Selina's funeral procession is watched on television by Selina's daughter Catherine, her longtime partner Marjorie, and their now-grown son. Catherine, so long a dour and emotionally abused basket case, celebrates her mother's death with margaritas. It's the only time we ever see her truly happy during the entire show.

Also watching the funeral on TV: Jonah Ryan, cranky and foul and the only President who was successfully impeached and removed from office.

Selina's funeral is attended by all of her old colleagues and victims. Dan has a wife half his age and sells beachfront real estate. Kent has become a disheveled hippie. Amy has somehow managed to live with having helped push Jonah Ryan into the White House. Ben is long-dead. Tom James looks as bitter as ever. And Richard Splett, kind, warm, always well-meaning Richard Splett, is the current president of the United States and has just won a landslide re-election following his receiving the Nobel Peace Prize for negotiating a peace in the Middle East. Familiar faces, aged 24 years, chat and catch up and briskly recall that decade where they were abused by the machinations of Selina Meyer.

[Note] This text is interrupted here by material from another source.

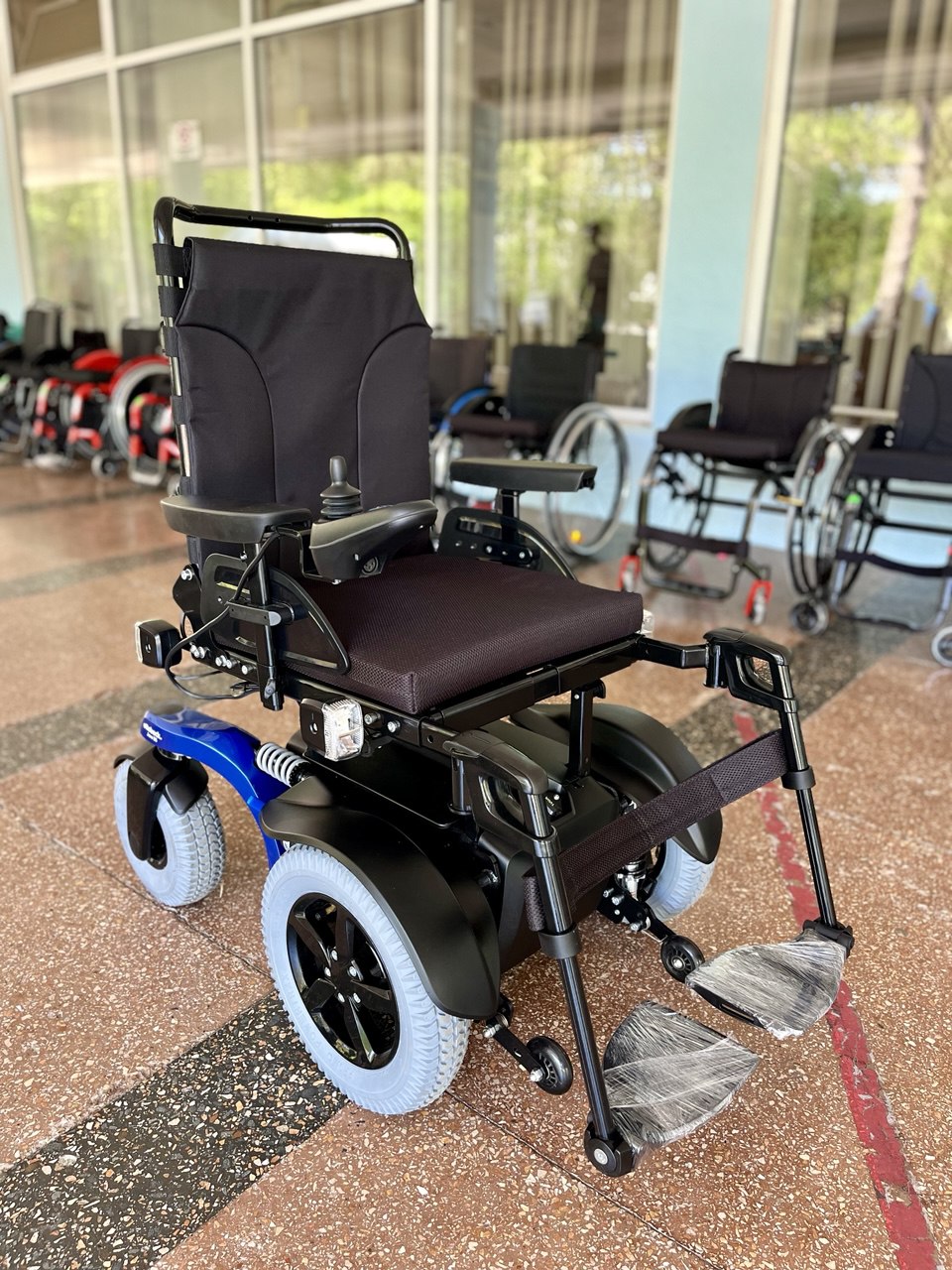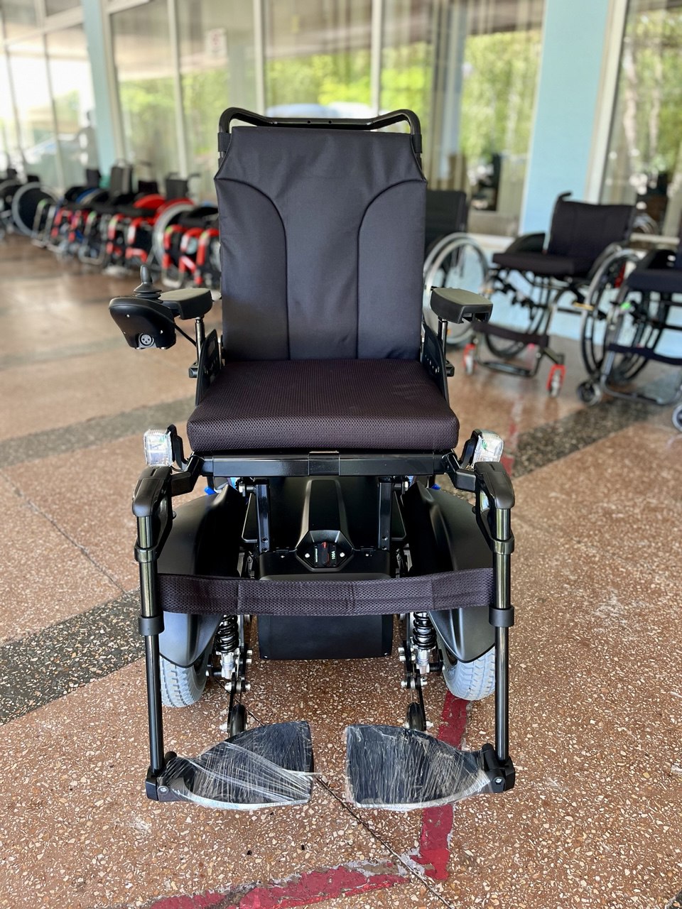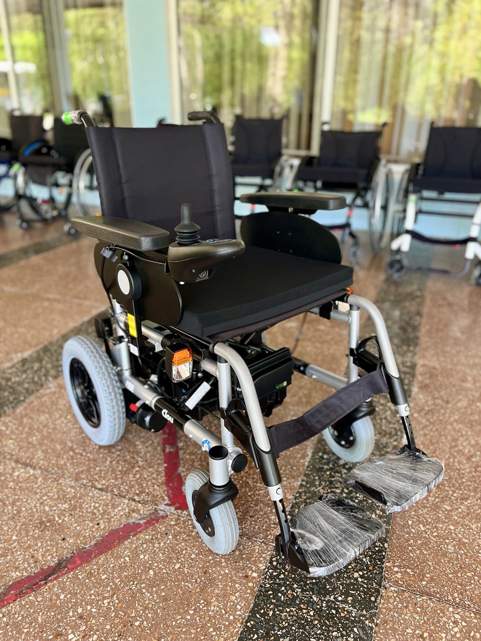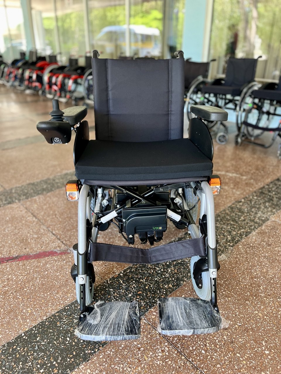 Данная модель оснащена кофром и вместительным багажником под сиденьем, а также двумя крючками на которые при необходимости можно повесить сумку, рюкзак или верхнюю одежду, что делает модель удобной для поездок в магазин. Откидные подлокотники дают возможность человеку с ограниченной подвижностью легко осуществлять посадку и высадку.

Other characters, also significantly aged, pass by and pass through (including a howl-worthy cameo from a character who has no right to be drawing breath). And in a powerful and haunting scene, Gary quietly approaches Selina's casket to pay his respects to the only woman he ever loved, remarking that she, the woman who framed him and sent him to prison, would've hated the flower selection at her own funeral.

Selina is entombed. Mike begins to tell his viewers his personal recollections of President Meyer when breaking news hits. Beloved American actor and Hollywood legend Tom Hanks has died at the age of 88. For the final minute of Veep, Selina Meyer is never mentioned again as we watch the news of her death get quickly pushed aside by an obituary for the star of Forrest Gump and Philadelphia.

It's audacious. It's hilarious. It's perfect. For all of her monstrous choices, for all of the damage she did to herself, her family, and her country, Selina Meyer is not as important as the death of Tom Hanks. She's a footnote, one of those forgotten presidents no one talks about, an asterisk on an asterisk in the history books. She sold her soul for an office that exists to enact sweeping change and got nothing in return save for a famous office and chair for four uneventful, if harmful, years. Seven years of Veep has led to this: the erasure of Selina Meyer, her relegation to the margins of American history. Everyone is ready to drop her and move on the moment Tom Hanks kicks the bucket.

It would have been one thing for Veep to end with Selina victorious but alone, but instead, the show chooses to place her in the context of history. We know how time treated her legacy. We see the impact she had on those around her. We know the lasting impression, and frequent lack thereof, she left behind. All of that for this? A woman dedicated her life to a game without a satisfying victory, without anything of which she could be proud beyond the sweet taste of power.

This is the struggle Game of Thrones faces as it barrels towards its final episode. We just witnessed a penultimate episode where a lead character committed bonafide war crimes leading to the deaths of countless innocent people. The finale will reckon with this, certainly. But how will the history of that fictional world remember it? What tales will be passed down, what facts will be recorded in the history books, what will the generation after the next generation know about the horrors we watched unfold in such great detail?

I don't know if Game of Thrones will answer those questions. But I do know that Veep managed to answer its own version of that query first, remaining true to its cynical, vulgar, and unforgiving self until its final moments. Who lives, who dies, who tells your story? The survivors, of course. The people who saw you at your worst. And bitch about you at your funeral.